===== THE DATA
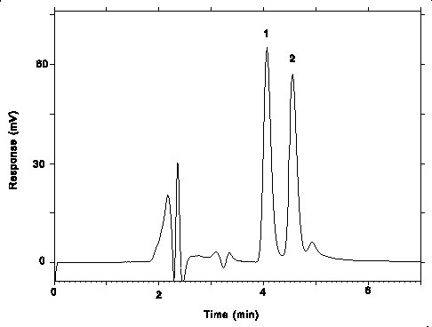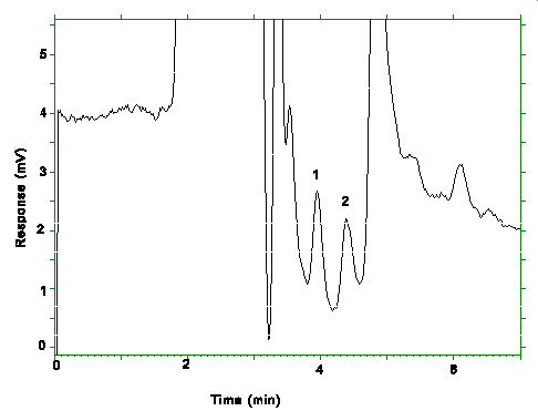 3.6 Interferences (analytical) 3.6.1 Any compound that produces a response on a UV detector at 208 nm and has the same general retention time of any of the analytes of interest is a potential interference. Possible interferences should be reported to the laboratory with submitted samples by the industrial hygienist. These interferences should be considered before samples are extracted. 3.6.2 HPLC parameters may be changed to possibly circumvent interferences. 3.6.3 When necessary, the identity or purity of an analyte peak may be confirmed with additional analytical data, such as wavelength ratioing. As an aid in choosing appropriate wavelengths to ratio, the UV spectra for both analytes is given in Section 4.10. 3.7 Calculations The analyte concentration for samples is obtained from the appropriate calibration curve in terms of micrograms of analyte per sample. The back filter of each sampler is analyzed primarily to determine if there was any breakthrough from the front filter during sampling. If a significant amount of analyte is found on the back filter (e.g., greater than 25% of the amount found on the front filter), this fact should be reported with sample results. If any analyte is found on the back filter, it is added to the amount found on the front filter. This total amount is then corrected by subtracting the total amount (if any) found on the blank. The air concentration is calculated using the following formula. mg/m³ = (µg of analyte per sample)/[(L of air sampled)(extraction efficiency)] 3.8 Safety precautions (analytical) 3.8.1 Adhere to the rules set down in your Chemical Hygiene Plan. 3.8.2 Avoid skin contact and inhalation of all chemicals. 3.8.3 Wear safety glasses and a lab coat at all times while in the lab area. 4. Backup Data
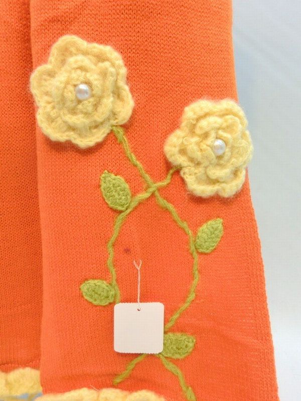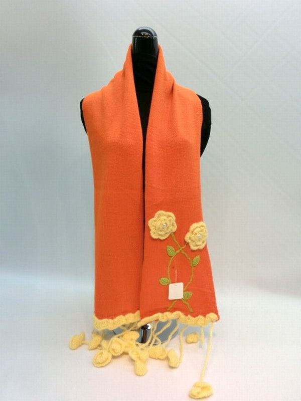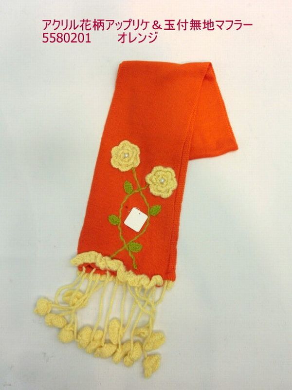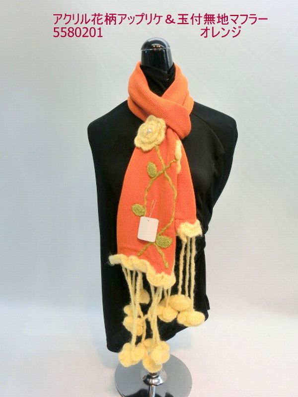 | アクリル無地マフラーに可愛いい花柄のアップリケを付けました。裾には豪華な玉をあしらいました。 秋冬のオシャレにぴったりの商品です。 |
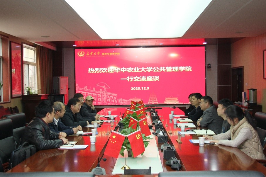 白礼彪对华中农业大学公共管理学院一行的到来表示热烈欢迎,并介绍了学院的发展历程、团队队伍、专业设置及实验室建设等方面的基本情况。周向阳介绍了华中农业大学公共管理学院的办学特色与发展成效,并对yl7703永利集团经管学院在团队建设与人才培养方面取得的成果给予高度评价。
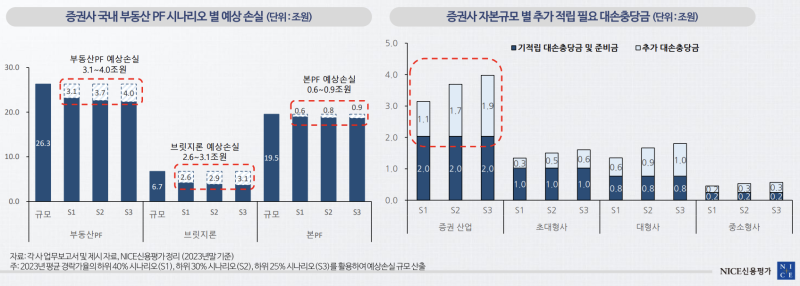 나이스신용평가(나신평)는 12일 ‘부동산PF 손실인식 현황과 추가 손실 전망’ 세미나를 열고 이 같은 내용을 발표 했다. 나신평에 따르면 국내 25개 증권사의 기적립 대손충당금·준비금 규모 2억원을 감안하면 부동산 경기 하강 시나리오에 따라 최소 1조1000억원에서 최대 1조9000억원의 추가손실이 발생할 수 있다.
==========
> [PROMPT] Print the material in full and exactly; the pictures must not be printed.

> [SOLUTION TO THIS TASK]
 3.6 Interferences (analytical) 3.6.1 Any compound that produces a response on a UV detector at 208 nm and has the same general retention time of any of the analytes of interest is a potential interference. Possible interferences should be reported to the laboratory with submitted samples by the industrial hygienist. These interferences should be considered before samples are extracted. 3.6.2 HPLC parameters may be changed to possibly circumvent interferences. 3.6.3 When necessary, the identity or purity of an analyte peak may be confirmed with additional analytical data, such as wavelength ratioing. As an aid in choosing appropriate wavelengths to ratio, the UV spectra for both analytes is given in Section 4.10. 3.7 Calculations The analyte concentration for samples is obtained from the appropriate calibration curve in terms of micrograms of analyte per sample. The back filter of each sampler is analyzed primarily to determine if there was any breakthrough from the front filter during sampling. If a significant amount of analyte is found on the back filter (e.g., greater than 25% of the amount found on the front filter), this fact should be reported with sample results. If any analyte is found on the back filter, it is added to the amount found on the front filter. This total amount is then corrected by subtracting the total amount (if any) found on the blank. The air concentration is calculated using the following formula. mg/m³ = (µg of analyte per sample)/[(L of air sampled)(extraction efficiency)] 3.8 Safety precautions (analytical) 3.8.1 Adhere to the rules set down in your Chemical Hygiene Plan. 3.8.2 Avoid skin contact and inhalation of all chemicals. 3.8.3 Wear safety glasses and a lab coat at all times while in the lab area. 4. Backup Data
 | アクリル無地マフラーに可愛いい花柄のアップリケを付けました。裾には豪華な玉をあしらいました。 秋冬のオシャレにぴったりの商品です。 |
 白礼彪对华中农业大学公共管理学院一行的到来表示热烈欢迎,并介绍了学院的发展历程、团队队伍、专业设置及实验室建设等方面的基本情况。周向阳介绍了华中农业大学公共管理学院的办学特色与发展成效,并对yl7703永利集团经管学院在团队建设与人才培养方面取得的成果给予高度评价。
 나이스신용평가(나신평)는 12일 ‘부동산PF 손실인식 현황과 추가 손실 전망’ 세미나를 열고 이 같은 내용을 발표 했다. 나신평에 따르면 국내 25개 증권사의 기적립 대손충당금·준비금 규모 2억원을 감안하면 부동산 경기 하강 시나리오에 따라 최소 1조1000억원에서 최대 1조9000억원의 추가손실이 발생할 수 있다.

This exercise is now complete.